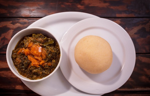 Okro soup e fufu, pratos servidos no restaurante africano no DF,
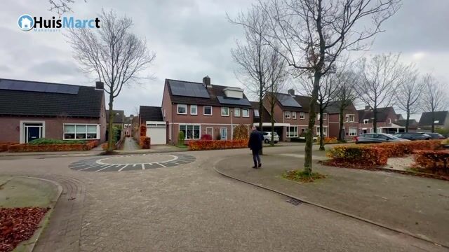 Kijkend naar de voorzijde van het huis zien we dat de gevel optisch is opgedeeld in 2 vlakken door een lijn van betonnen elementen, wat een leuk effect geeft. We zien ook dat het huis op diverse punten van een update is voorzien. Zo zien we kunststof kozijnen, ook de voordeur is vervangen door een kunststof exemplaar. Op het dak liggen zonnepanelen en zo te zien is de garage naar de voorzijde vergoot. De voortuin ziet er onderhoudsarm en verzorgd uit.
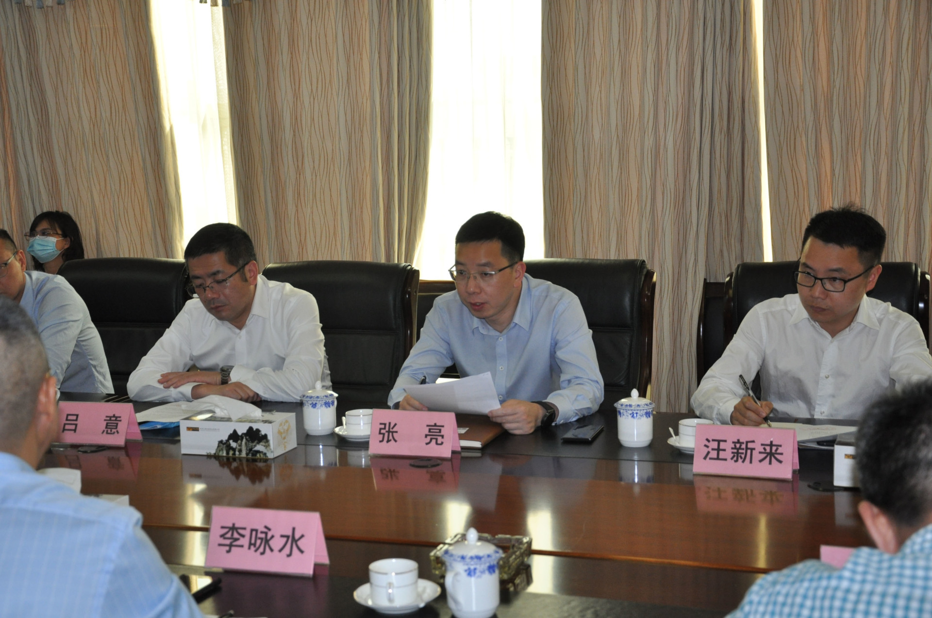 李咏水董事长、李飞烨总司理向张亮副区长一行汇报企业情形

****

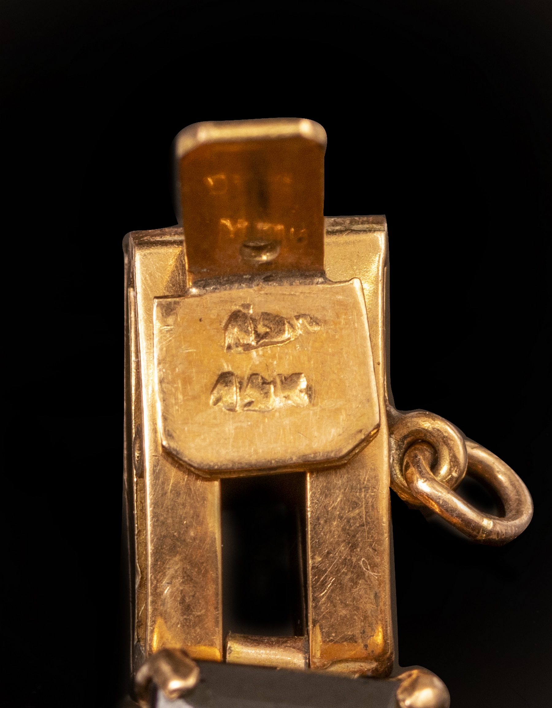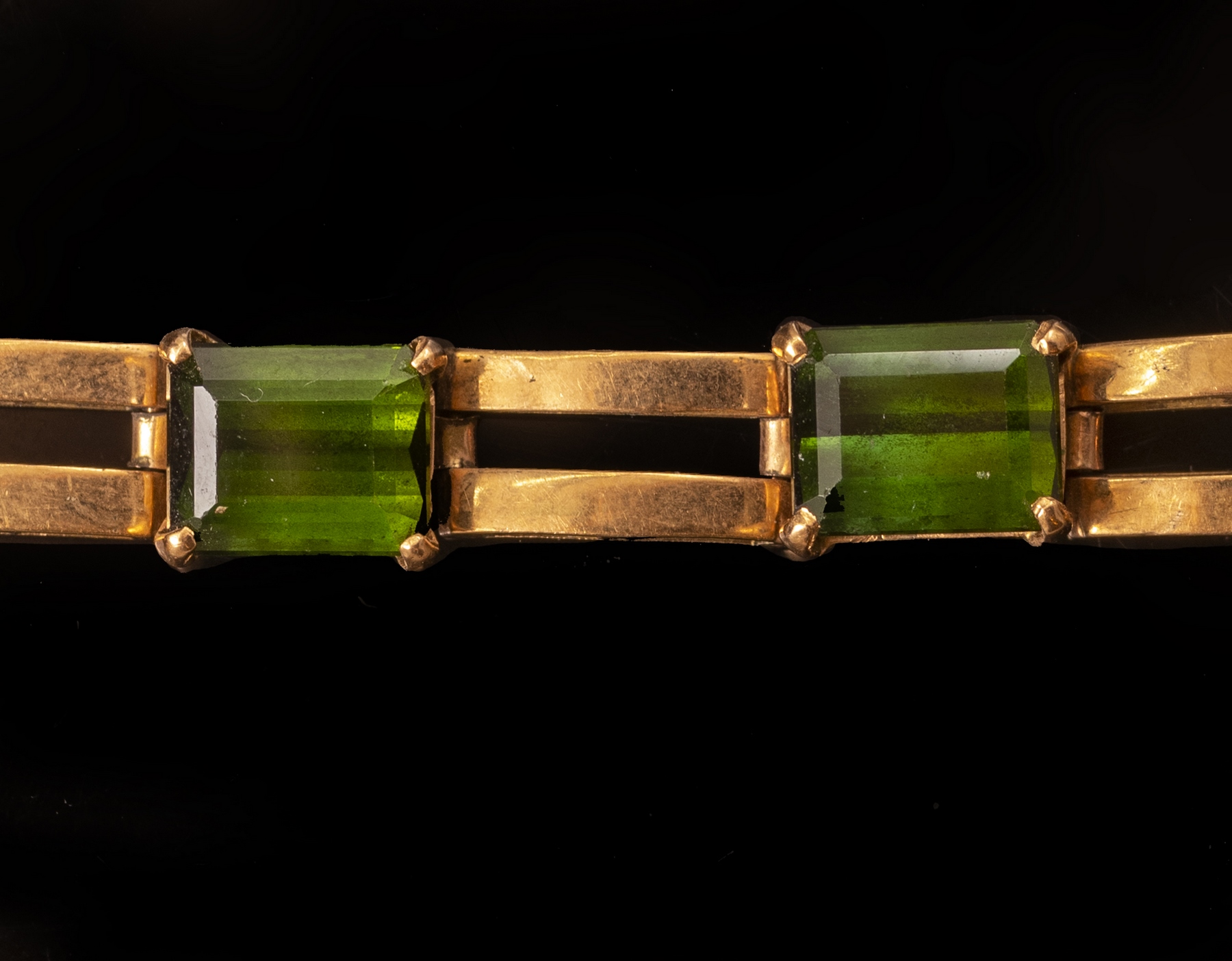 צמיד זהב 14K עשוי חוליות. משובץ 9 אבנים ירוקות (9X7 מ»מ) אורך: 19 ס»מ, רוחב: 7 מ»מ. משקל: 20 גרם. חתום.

****

Activity –
Within the material above, find the part that opens with the line containing "Okro soup e" and closes with the line containing "李咏水董事长、李飞烨总司理向张亮副区长一行汇报企业情形", and reproduce it exactly without the pictures.

Final answer –
 Okro soup e fufu, pratos servidos no restaurante africano no DF,
 Kijkend naar de voorzijde van het huis zien we dat de gevel optisch is opgedeeld in 2 vlakken door een lijn van betonnen elementen, wat een leuk effect geeft. We zien ook dat het huis op diverse punten van een update is voorzien. Zo zien we kunststof kozijnen, ook de voordeur is vervangen door een kunststof exemplaar. Op het dak liggen zonnepanelen en zo te zien is de garage naar de voorzijde vergoot. De voortuin ziet er onderhoudsarm en verzorgd uit.
 李咏水董事长、李飞烨总司理向张亮副区长一行汇报企业情形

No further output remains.